Ben Muncaster
- Born: 14 October 2001 (age 24) North Berwick
- Height: 1.91 m (6 ft 3 in)
- Weight: 110 kg (240 lb; 17 st 5 lb)
- School: Loretto School / Rugby School

Rugby union career
- Position: Flanker / Number 8
- Current team: Edinburgh Rugby

Senior career
- Years: Team / Apps / (Points)
- 2021–: Edinburgh Rugby / 30 / (15)
- Correct as of 29 April 2024

International career
- Years: Team / Apps / (Points)
- 2021: Scotland U20 / 5 / (5)
- 2022–: Scotland 'A' / 2 / (0)
- 2024–: Scotland / 3 / (0)
- Correct as of 24 November 2024

= Ben Muncaster =

Scottish rugby union player

Ben Muncaster (born 14 October 2001) is a Scottish rugby union player who plays as a back row for Edinburgh Rugby in the United Rugby Championship and the Scotland national team.

==Club career==
Muncaster signed for Edinburgh academy in June 2020, having previously been a member of the Leicester Tigers academy.

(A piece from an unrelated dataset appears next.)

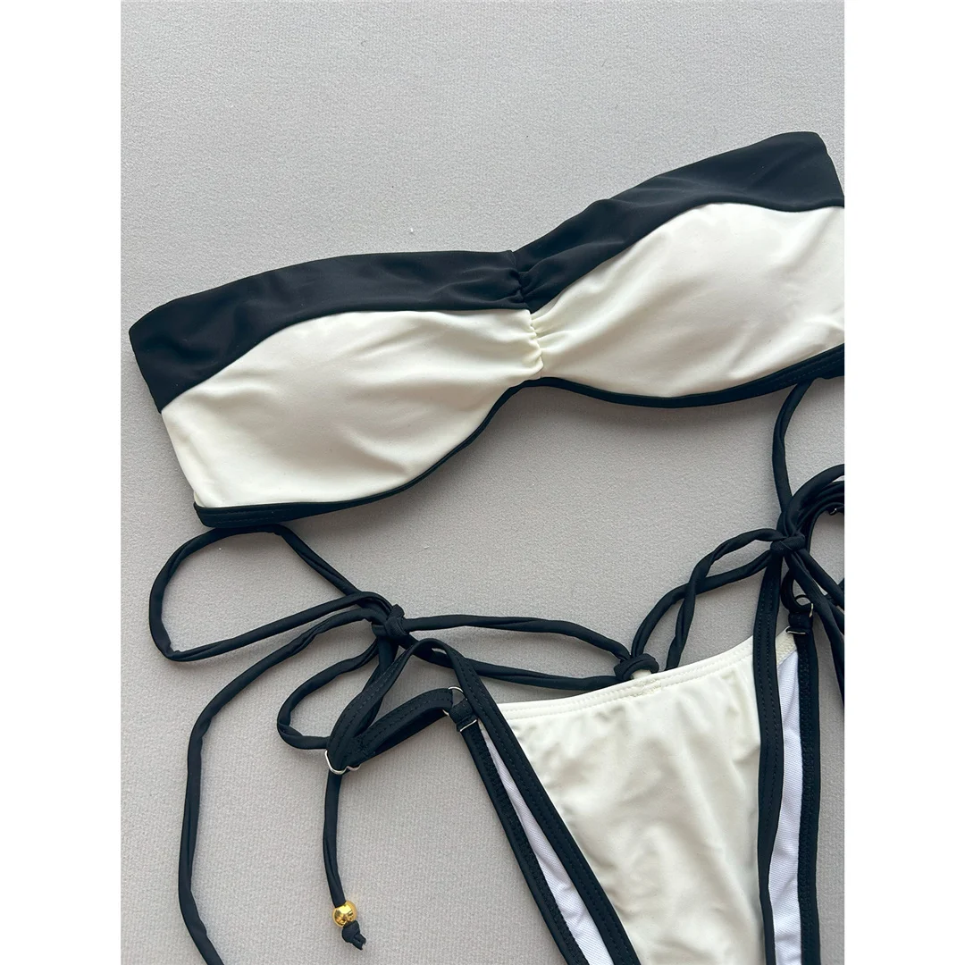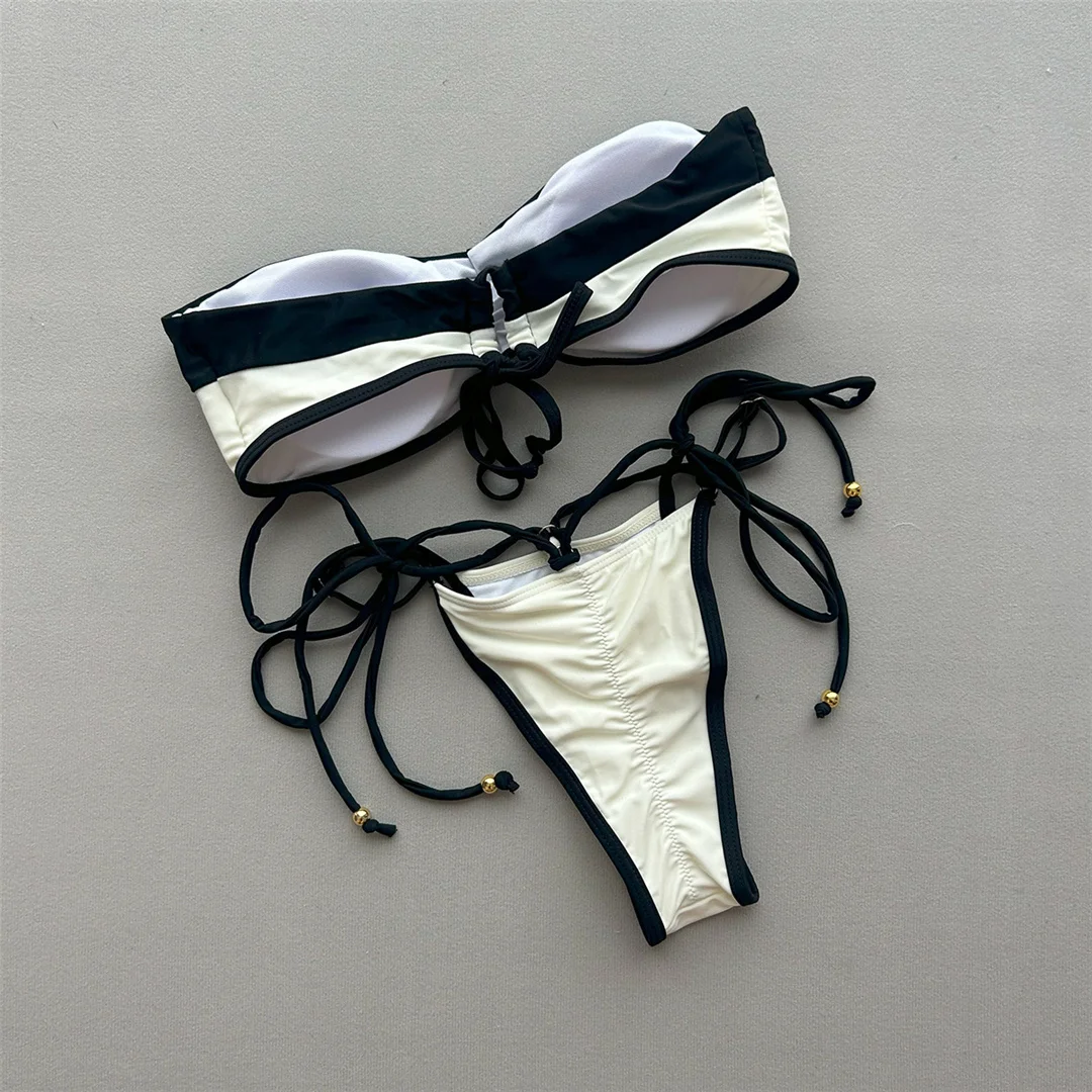 Splicing Bandeau Scrunch Butt Bikini Female Swimsuit Women Swimwear Two-pieces Bikini set Padded Bather Bathing Suit Swim V7380

He made his Pro14 debut in Round 1 of the Pro14 Rainbow Cup against .

==International career==
Muncaster was capped by Scotland A on 25 June 2022 in their match against Chile.

In October 2024, Muncaster was called-up to the senior Scotland national rugby union team for the first time under head coach Gregor Townsend. He made his senior debut in Scotland's autumn international match against Portugal on 16 November 2024, starting the match at openside flanker.